Question

A geothermal plant uses geothermal water (yes a liquid) extracted from beneath the Earth using drilling apparatus. The geothermal water (a condensed liquid) comes up at a temperature of 200 C at a rate of 200 kg/s. It is used to drive a turbine that extracts 6000 kw of power.
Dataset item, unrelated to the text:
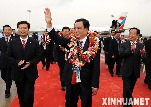 9月22日,以中共中央政治局常委、中央紀委書記賀國強為團長的中央代表團乘專機抵達銀川,參加寧夏回族自治區成立50周年慶;顒。新華社記者 高潔 攝

The water leaves the turbine at 80 C and enters a lake at 25 C. What is the actual thermal efficiency of the turbine in percent to three significant digits (do not enter a percent sign!!)

Answer 1

To solve this problem it is necessary to apply the concepts of heat change and thermal efficiency.

The heat rate can be expressed under the function

`Q = \dot{m} (h_1-h_2)`

Where,

m = Mass

`h_i =` Enthalpy at each state

Our values are given as,

`\dot{m} = 200kg/s`

`T_H = 200\°C`

`W = 6000kW`

`T_(H,2) = 90\°C`

`T_L = 25\°C`

From the tables of Enthalpy of Water at 200°C (Saturated liquid state)

`h_1 = 852.4kJ/Kg`

At the same time for 80°C

`h_2 = 334.9kJ/Kg`

Applying the equation of Heat,

`Q = \dot{m}(h_1-h_2)`

Replacing,

`Q = 200*(852.4-334.9)`

`Q = 103500kW`

Therefore the efficiency would be

`\eta = (Q_L)/(Q_H)`

`\eta = (6000)/(103500)`

`\eta = 0.0579`

Therefore the actual thermal efficiency of the turbine in percent is 0.0579.